Author: Kieran Campbell, 6 St Ultans, Laytown, Co. Meath.
Site type: Monitoring of drainage scheme
Period/Dating: —
ITM: E 716209m, N 771332m
Latitude, Longitude (decimal degrees): 53.678786, -6.240978
Continued from 2009 (Excavations 2009, No. 652), monitoring took place intermittently during the construction of flood defences on the Mornington River certified drainage scheme by the Office of Public Works. Between April and August, topsoil was stripped for the installation of a flood bank for 1.5km along the eastern bank of the river at the southern end of the scheme, passing adjacent to the Neolithic and Bronze Age site excavated by Antoine Giacometti, Arch-Tech Ltd, in Donacarney Great townland on the west bank in 2009–10 (see No. 517 above).
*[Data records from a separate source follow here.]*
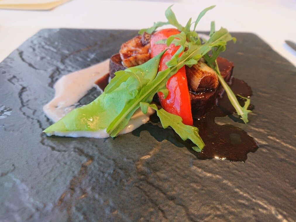 美しく一筆書きのように添えられたお芋のピューレも美味しかった。
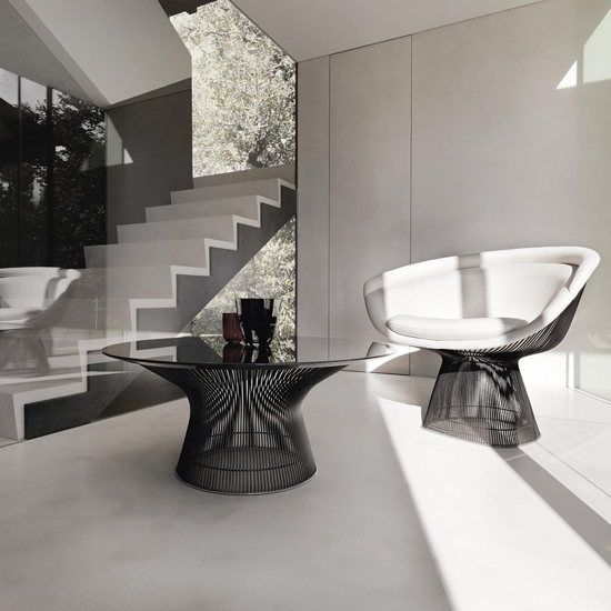 Design : Warren Platner. Cette table d’appoint, disponible en deux tailles, fait partie de la série d’objets de la Collection Platner créée dans les années 60. La magnifique forme et l’étonnant effet produit par les tiges d’acier constituent le piètement de la table basse. La finesse de l’acier et du bronze fabriqués par Knoll International ne se réduit pas à un savoir-faire hors du commun, mais apporte une aura emblématique à l’objet. Entre joaillerie et mobilier.
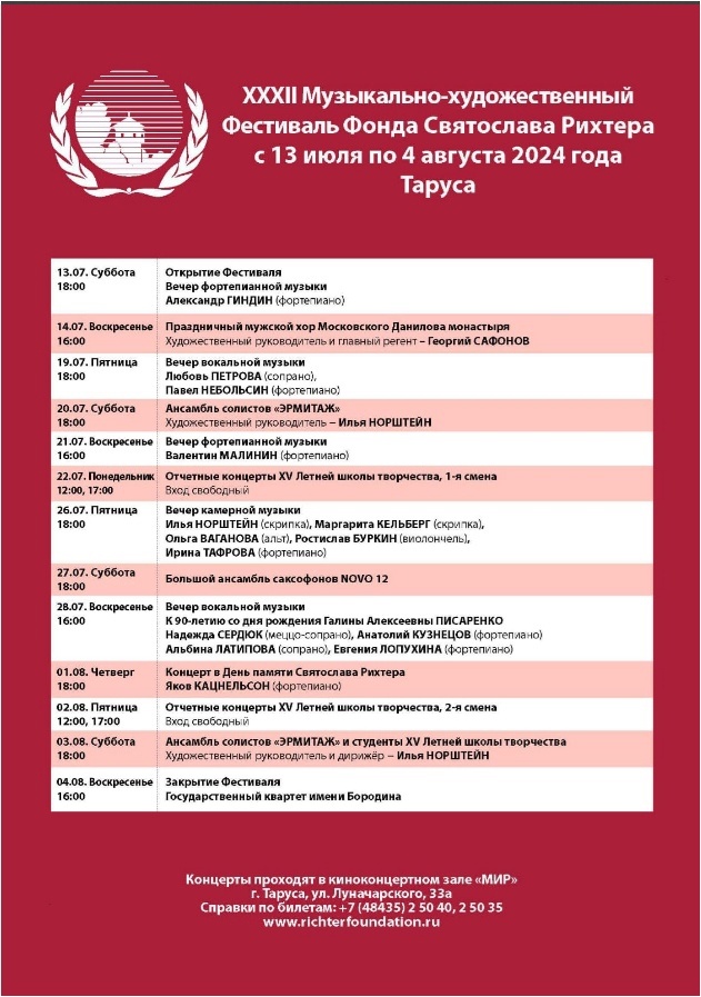 Пианист Святослав Рихтер каждое лето проводил в своём доме на берегу Оки в Тарусе. Он считал это место превосходным для творчества. С 1993 года каждое лето почитатели таланта великого музыканта собираются со всех уголков страны – на музыкально-художественный фестиваль, основанный маэстро. В 2023 году классические концерты и другие мероприятия в рамках фестиваля пройдут в Тарусе с 13 июля по 4 августа.

Elsewhere, where space was constricted, concrete walls were built in sections requiring the excavation of foundation trenches measuring 6m by 3m and c. 1.2m deep. The excavations generally exposed natural sand under modern fill resulting from housing developments in the area since the 1970s. Thin peaty soil, c. 0.1m thick, was present in places over the sand. A small two-arched bridge, completely overgrown and omitted from the EIS for the scheme, was identified as a bridge shown on mid-18th-century maps and which formerly carried a lane from Mornington House, also known as Coney Hall, to the sea. Coney Hall was part of the estate of Garret Wellesley or Wesley, First Earl of Mornington, whose principal seat was Dangan Castle near Trim. The house, dating to 1740–50, was destroyed by fire in c. 1955. The bridge, probably of the same date, was scheduled for removal but is now to be retained at the request of the Architectural Heritage Advisory Unit, DEHLG, and the Conservation Officer of Meath County Council.